How could this stressful situation have happened? Reading further down in the article, we see:

In addition, compounding its woes, UMass Memorial Health was forced to fire 200 employees last week after they refused to get vaccinated.

“Forced” by whom? This sounds more like an unforced disaster to me.

Nor is Massachusetts an isolated example. Pennsylvania’s Geisinger hospital system is facing an over-capacity crisis of its own — just over a month after it dismissed 153 employees who made the decision not to take the jab. Lawrence County outlet New Castle News reported today:

Patient volume compounded by the continued spread of COVID-19 exceeds capacity at all but one Geisinger hospital, forcing clinicians to treat patients in waiting rooms and hallways of Emergency Departments where people needing immediate care must wait up to 20 hours, according to hospital officials.

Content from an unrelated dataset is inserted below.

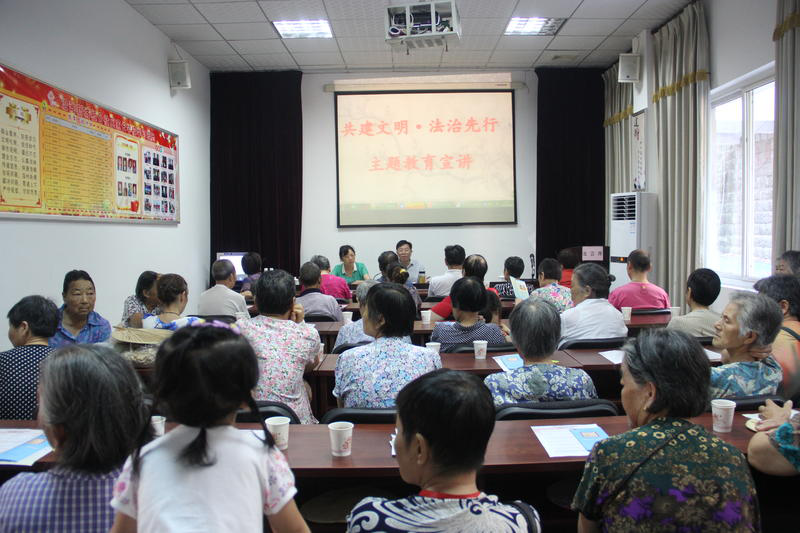 为我市创建全国文明城市营造良好的法治宣传氛围,提高党员干部法律素质和居民群众参与法治宣传教育的热情,2017年7月26日,板仓社区党总支组织开展以“共建文明·法治先行”为主题的法治教育宣讲活动,社区干部、党员、居民群众60余人参加学习会。

Unfortunately, the hospital administration is doubling down on the bad decision. Yesterday, Geisinger president and CEO Dr. Jaewon Ryu told PennLive that the firings were actually a good thing. “Believe it or not, we gained many hundreds of folks back into our workforce because we have fewer of our employees out on quarantine,” said Ryu, Geisinger’s president and CEO, on Wednesday. “We think it has actually added people into our work environment and not taken away.”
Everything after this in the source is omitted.